Penularan Bahasa Daerah

 10 tahun sudah saya tinggal di Kota Padangsidimpuan, Kota Salak julukannya, dan tentu sudah banyak pula saya berjumpa dengan orang dari etnis, budaya, dan bahasa yang berbeda pula. Bukan men"judge" bahwa beberapa orang perantau dan Mahasiswa sering mangata-ngatai atau mengejek dengan bahasa ibu, saya yakin banyak perantau dan Mahasiswa yang sangat baik budi pekertinya karena dia tahu dia berada di rantau orang.
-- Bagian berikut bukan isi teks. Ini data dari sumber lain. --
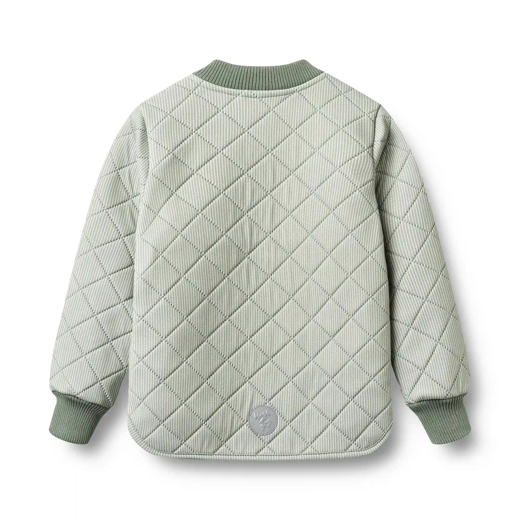 Wheat termojakken er grøn med lyse striber, samt grønne rib-kanter.
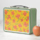 Este clásico tarro de almuerzo tiene un hermoso patrón floral con flores rojo-naranjas brillantes y tallos y hojas verdes.
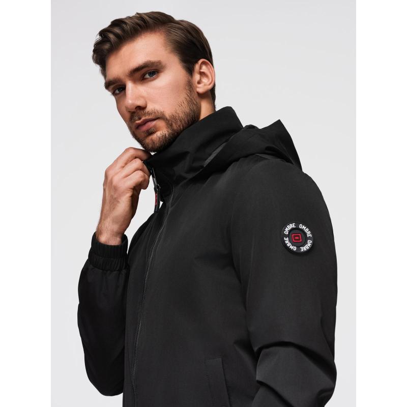 Férfi kabát kapucnival és magas gallérral – fekete V1 OM-JANP-0222
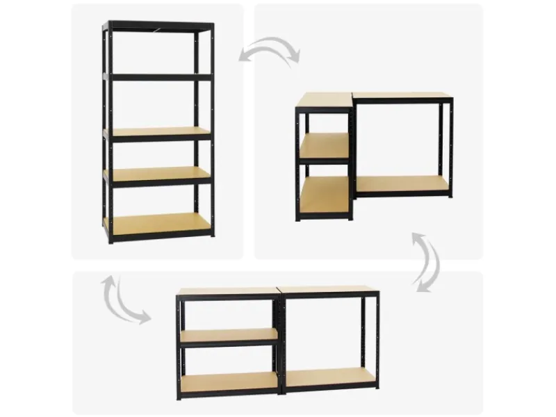 Das Metall ist pulverbeschichtet, um eine lange Lebensdauer sicherzustellen und entgratet, um unangenehme Schnittkanten zu beseitigen. Der Aufbau ist einfach und erfolgt durch Steckmontage mit dem Butterfly-System. Es genügt ein Gummihammer. Um dem Schwerlastregal zusätzliche Stabilität zu geben, kann das Regal an der Wand verschraubt werden. Auch die Verbindung von mehreren Regalen ist möglich. Darüber hinaus kann das Regal in zwei Werkbänke umfunktioniert werden. Hierfür lassen sich die vertikalen Streben in der Mitte teilen, um so zwei separate Werktische bauen zu können.
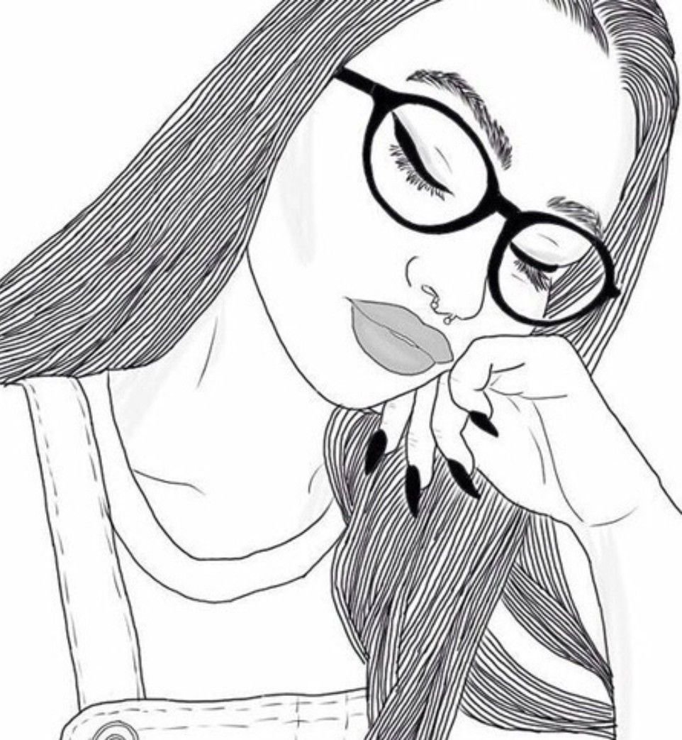 ![Рисунки для срисовки девушки в очках]()
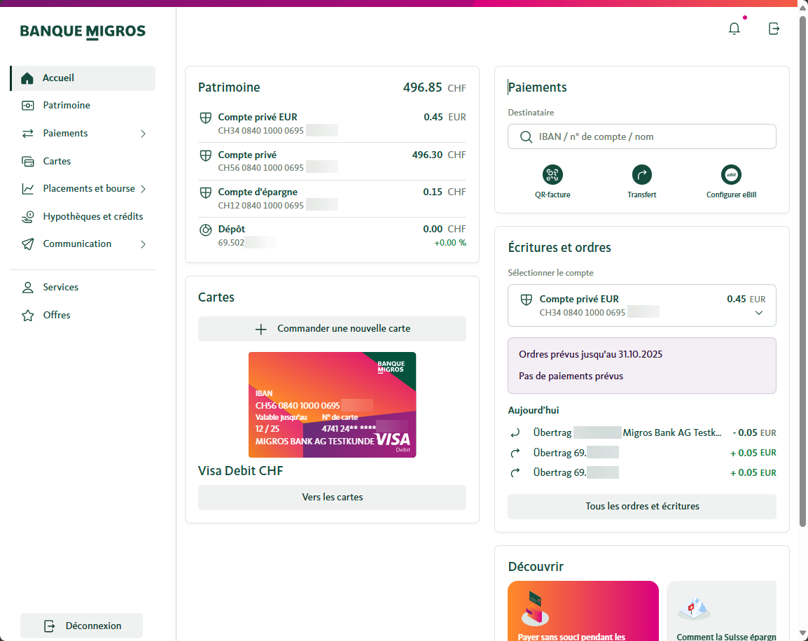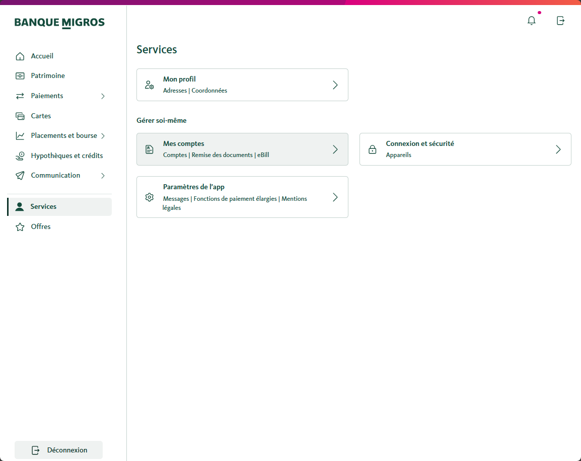 Créez un ordre de clôture dans l'e-banking afin de clôturer des comptes. Allez dans l'e-banking et, dans le menu «Services», sélectionnez «Mes comptes», puis «Gérer les comptes».
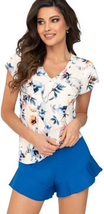 Piżama damska Donna wykonana z miękkiej w dotyku wiskozy. Góra piżamy w kolorze kremowym z nadrukiem motywu kwiatowego. Dekolt w V , rękaw krótki. Spodnie krótkie, jednolite w kolorze chabrowym, nogawki zakończone delikatną falbanką. Skład: 95% wiskoza 5% elastan
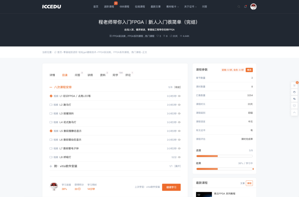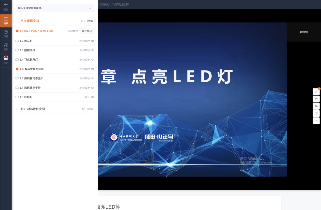 课程体系:平台提供全栈式的FPGA课程,包括FPGA入门课程、项目课程、进阶课程以及国产FPGA高云课程等,从入门到精通,满足不同层次学员的学习需求。
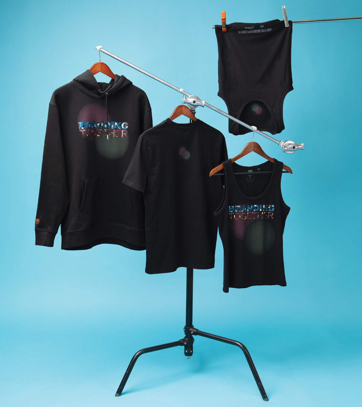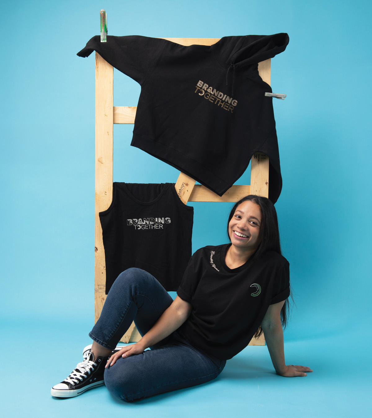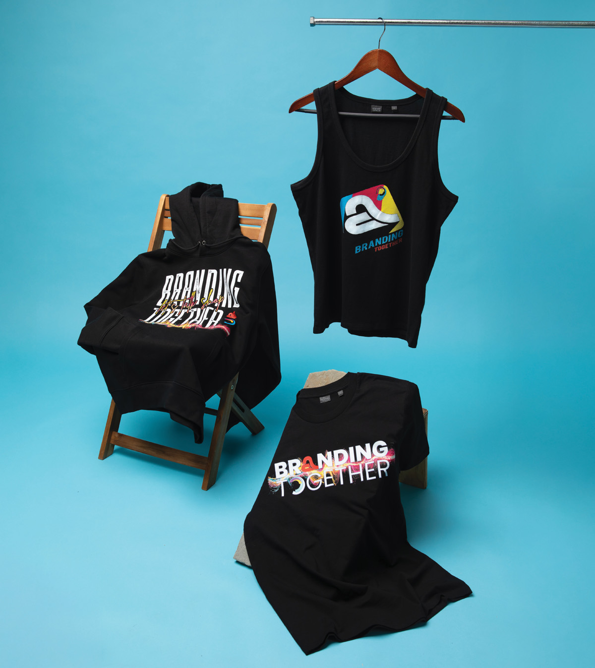 We provided six decorators with apparel and accessories from sustainability-focused suppliers Stanley/Stella (asi/89011) and Atlantis Headwear (asi/37380). We shared the Branding Together logo as a jumping-off point to come up with creative and cohesive mini-collections of branded merch for us to wear – both on the podcast as well as in our daily lives. The only design constraint we gave them was to highlight the decoration technique we assigned: heat transfer vinyl, direct to film (DTF), direct to garment (DTG), screen printing, embroidery or dye sublimation.

Perantau dan Mahasiswa dengan bahasa ibunya sendiri yang tidak dimengerti oleh orang lain, pergunakanlah seperlunya. Karena bahasa merupakan salah satu ciri khas daerah tersebut.


Di tempat saya berdomisili saat ini Saya kerap dapat pertanyaan dari teman teman perantau atau Mahasiswa dengan daerah etnis, budaya dan bahasa yang berbeda "apasih artinya ini" (umpatan atau kata yang tidak enak didengar). Sangat tidak nyaman akan situasi itu.


Siapapun anda, dimanapun anda merantau atau bersekolah dimanapun. Tolonglah  jangan sampai bahasa kampung halaman kita hanya dikenal dengan bahasa umpatan atau berupa ejekan sejenisnya.